Following the Master

February 22, 2024  •  Leave a Comment

As it was Ansel Adams's birthday a couple of days ago, one of his most well known photographs, Tetons and the Snake River (https://www.anseladams.com/the-tetons-and-the-snake-river/) showed up on social media. That reminded me that a few years ago I had the opportunity to be very close to where Adams stood to take that photograph, at the Snake River overlook in Grand Teton National Park. I was fortunate to have a dramatic sky similar to the one in Adams's photo, and of course the landscape does not vary in a few decades.

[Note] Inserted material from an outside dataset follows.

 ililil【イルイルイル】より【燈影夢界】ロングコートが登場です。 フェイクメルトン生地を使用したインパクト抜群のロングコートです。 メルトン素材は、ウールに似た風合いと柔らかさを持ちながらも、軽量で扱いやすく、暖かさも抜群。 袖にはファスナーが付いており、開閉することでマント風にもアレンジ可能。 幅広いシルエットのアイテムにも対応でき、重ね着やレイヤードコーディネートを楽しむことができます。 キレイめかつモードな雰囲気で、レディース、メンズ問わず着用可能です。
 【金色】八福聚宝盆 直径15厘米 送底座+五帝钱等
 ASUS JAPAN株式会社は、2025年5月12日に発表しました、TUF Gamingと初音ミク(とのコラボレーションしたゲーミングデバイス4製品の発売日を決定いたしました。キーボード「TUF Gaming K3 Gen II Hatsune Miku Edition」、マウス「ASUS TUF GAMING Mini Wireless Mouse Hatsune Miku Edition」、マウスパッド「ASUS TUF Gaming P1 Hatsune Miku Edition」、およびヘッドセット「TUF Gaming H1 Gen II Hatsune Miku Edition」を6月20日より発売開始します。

Snake River Overlook, Grant Teton National Park, Wyoming, 2011Snake River Overlook, Grant Teton National Park, Wyoming, 2011Snake River Overlook, Grant Teton National Park, Wyoming, 2011 But of course there are many differences between our results (aside from the media: digital SLR vs. large-format camera, film, and chemical darkroom; and the fact that I cannot approach Adams's skill): I made a panoramic view to capture more of the Teton range, but part of the Snake River is obscured by trees at lower left. It appears that Adams had a higher viewpoint -- he often used a tall tripod and a platform on his car (https://www.instagram.com/anseladams/p/C0HXRTtL11i/), so was several feet higher than I could get.

While I tried to get a lot of detail and contrast in the processed image, Adams's version is rendered much darker for dramatic effect. I've added my color version for comparison. Guess I prefer the black&white that highlights the forms and tonalities of the landscape as opposed to the somewhat blah colors. (This was processed in Adobe Photoshop Lightroom combined from a panorama sequence of four vertical frames, each comprising several bracketed exposures in HDR.)

Snake River Overlook, Grant Teton National Park, Wyoming, 2011Snake River Overlook, Grant Teton National Park, Wyoming, 2011Snake River Overlook, Grant Teton National Park, Wyoming, 2011 Adams discouraged photographers from trying to find his tripod holes, preferring that folks find their own compositions and style, But I think it can be an instructive exercise to help understand why a particular viewpoint can result in a more powerful composition. In this case, the curves of the river lead our eyes toward the mountains (more so in Adams's cropped view) and the juxtaposition of the foreground trees, mountains, and cloudscape create a pleasing balance.